The original implementation of this tool was implemented with the cloud-based DaskHub environment
in mind, but additional guidance and installation scripts are provided to support the portability
of the tool on commodity-based and on-premises environments.
**eo-validation** is available on `PyPI <https://pypi.org/project/eo-validation/>`__.
To install **eo-validation**, run this command in your terminal:
.. code:: python
pip install eo-validation
**eo-validation** is also available on `conda-forge <https://anaconda.org/conda-forge/eo-validation>`__.
If you have `Anaconda <https://www.anaconda.com/distribution/#download-section>`__ or `Miniconda <https://docs.conda.io/en/latest/miniconda.html>`__
installed on your computer, you can create a conda Python environment to install eo-validation:
.. code:: python
conda create -n eo-validation-env jupyter ipysheet leafmap geopandas localtileserver rioxarray --channel anaconda --channel conda-forge
conda activate eo-validation-env
pip install eo-validation
Optionally, you can install `Jupyter notebook extensions <https://github.com/ipython-contrib/jupyter_contrib_nbextensions>`__,
which can improve your productivity in the notebook environment. Some useful extensions include Table of Contents, Gist-it,
Autopep8, Variable Inspector, etc. See this `post <https://towardsdatascience.com/jupyter-notebook-extensions-517fa69d2231>`__
for more information.
.. code:: python
conda install jupyter_contrib_nbextensions -c conda-forge
If you have installed **eo-validation** before and want to upgrade to the latest version, you can run the following command in your terminal:
.. code:: python
pip install -U eo-validation
Infrastructure
--------------
The eo-validation package is a set of Jupyter-based notebooks to manage and structure the validation of remote sensing data.
The validation notebooks can be run Individually and/or via a Team of observers.
The **Individual** option assumes that a single observer will be performing the entire validation. This will generate a single
database for the observer. The **Team** option assumes that multiple observers will evaluate each point in the database, being
the end output an aggregated database that includes the points of all the observers.

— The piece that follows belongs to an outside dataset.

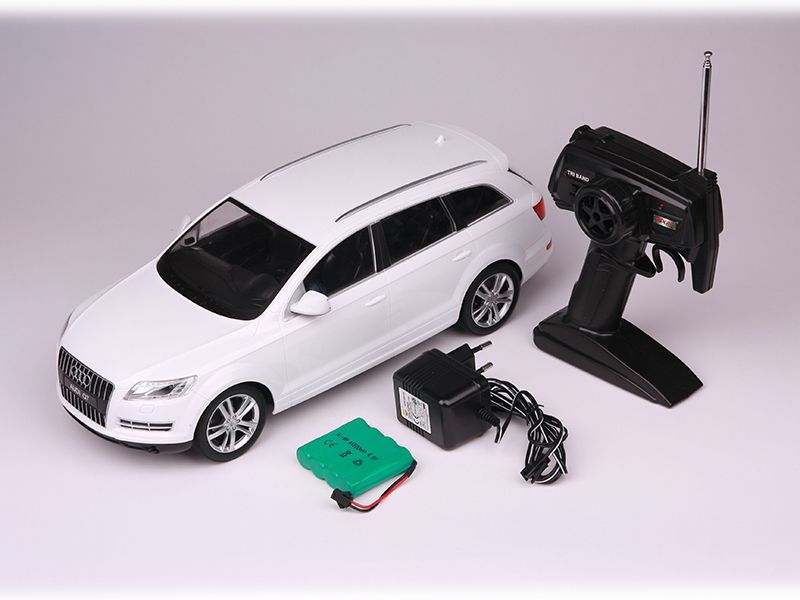 Model popularnego samochodu Audi Q7. Podczas jazdy efektownie świecą przednie oraz tylne światła. Model występujący w 3 różnych kanałach częstotliwości dając przy tym maksimum rywalizacji! Samochód gotów do jazdy, w zestawie znajduje się cały komplet, ładowarka, akumulator, baterie do pilota, model samochodu! Kupujesz więc jednorazowo, bez obaw o brak baterii czy niezbędnych elementów do użytkowania modelu.

The core validation procedures followed by this notebook rely on the
`Oloffson Best Practices method <https://reddcr.go.cr/sites/default/files/centro-de-documentacion/olofsson_et_al._2014_-_good_practices_for_estimating_area_and_assessing_accuracy_of_land_change.pdf>`_.
The main requirements are a **data file** in GeoTIFF format, and a **mask file** in GeoTIFF format. This data file
will be used for visual interpretation. The mask file will be used to perform a stratified random sampling of points per
mask class. If the mask file is not present, a completely random set of points will be generated for each data file.
Examples
--------------
Individual Validation Quickstart
^^^^^^^^^^^^^^^^^^^^^^^^^^^^^^^^^
Download the Validation Dashboard
.. code:: python
wget https://raw.githubusercontent.com/nasa-nccs-hpda/eo-validation/main/notebooks/ValidationDashboard.ipynb
Then, open the validation notebook from a Jupyter interface. You will need to modify several arguments from the validation
dashboard in order to successfully point to the necessary directories and paths. An example is listed below:
.. code:: python
from ipyleaflet import basemaps
from IPython.display import display
from eo_validation.validation_dashboard import ValidationDashboard
dashboard = ValidationDashboard(
center=[14, -14],
zoom=3,
max_zoom=20,
default_max_zoom=20,
default_zoom=18,
scroll_wheel_zoom=True,
keyboard=True,
basemap=basemaps.Esri.WorldImagery,
height="600px",
data_dir="/efs/projects/3sl/data/Tappan",
mask_dir="/efs/projects/3sl/labelsv2",
output_dir="/home/jovyan/eo-validation-output-test",
default_bands=[
('Coastal Blue', 1),
('Blue', 2),
('Green', 3),
('Yellow', 4),
('Red', 5),
('Red Edge', 6),
('NIR1', 7),
('NIR2', 8)
],
rgb_bands = [7, 3, 2],
rgb_disabled=False,
validation_classes=[
'other',
'trees/shrub',
'cropland',
'other vegetation',
'water',
'build'
],
mask_classes=[
'other',
'tree',
'crop',
'burn'
],
points_dir='/home/jovyan/efs/projects/3sl/validation/original_points',
gen_points=True,
n_points=200,
expected_accuracies=[0.90, 0.90, 0.90, 0.90],
expected_standard_error=0.01,
product_name='otcb',
chunks={"band": 1, "x": 2048, "y": 2048}
)
display(dashboard)
The arguments from the ValidationDashboard class are as follow:
- **center** (List[int, int]): center location to start map at, default: [14, -14]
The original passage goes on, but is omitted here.